Debojyoti Ghosh, Fortune India

April 21, 2021

Billionaire entrepreneur Kumar Mangalam Birla-led retailer Aditya Birla Fashion and Retail Limited (ABFRL) has continued its build-up in the ethnic wear market with its fourth deal since 2019 and second this year. In February, the Mumbai-based fashion retailer picked up a 33.5% stake in fashion designer Tarun Tahiliani’s Goodview Properties—that will own and operate the designer’s eponymous couture label—for ₹67 crore. That was a month after ABFRL acquired a 51% stake in Kolkata-based designer Sabyasachi Mukherjee’s company, Sabyasachi Couture, which sells garments, accessories, and fine jewellery, for ₹398 crore.

ABFRL, which owns fashion brands such as Louis Philippe and Van Heusen, said in a statement that ethnic wear “is a large and growing market with a significant opportunity to build scale” and expects it to be an important category over the next few years.

Experts note the two recent deals come as the luxury industry, including fashion, has been hammered by the pandemic. The year-long shutdown in global travel has slowed over a decade of growth across luxury categories. Indeed, the global fashion industry’s profit is expected to have slumped about 93% in 2020, according to a report by consulting firm McKinsey and The Business of Fashion in December.

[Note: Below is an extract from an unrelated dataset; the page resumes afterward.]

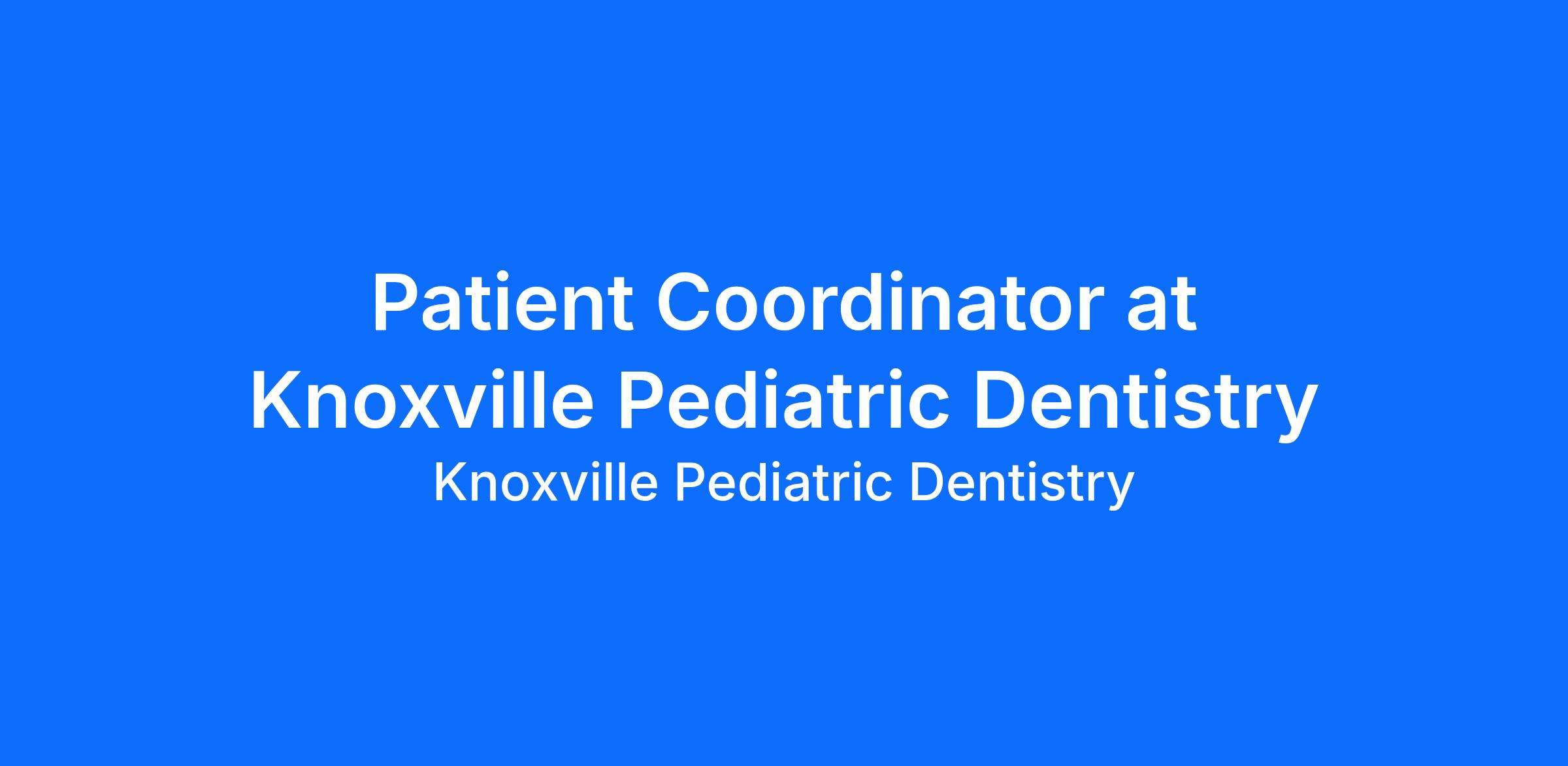 Knoxville Pediatric Dentistry is seeking a friendly, organized, and compassionate Patient Coordinator to join our well-established pediatric dental team. With a strong reputation for exceptional patient care and a fun, family-focused environment, this is a wonderful opportunity to grow your career in a supportive, patient-centered practice. The ideal candidate is motivated, detail-oriented, and passionate about creating positive experiences for children and their families.

“[Luxury] business has been hit hard during the pandemic, like all fashion and retail businesses. And a significant injection of money is needed to maintain the business momentum, and to scale it further,” says Devangshu Dutta, chief executive of retail consultancy Third Eyesight.

In March, Italy’s billionaire Agnelli family—best known as the founders of automaker Fiat—acquired a 24% stake in French luxury shoemaker Christian Louboutin for $642 million. Three months before that it paid $95 million for a controlling stake in Shang Xia Paris, a Chinese luxury goods business founded by French luxury brand Hermès and Chinese designer Jiang Qiong Er.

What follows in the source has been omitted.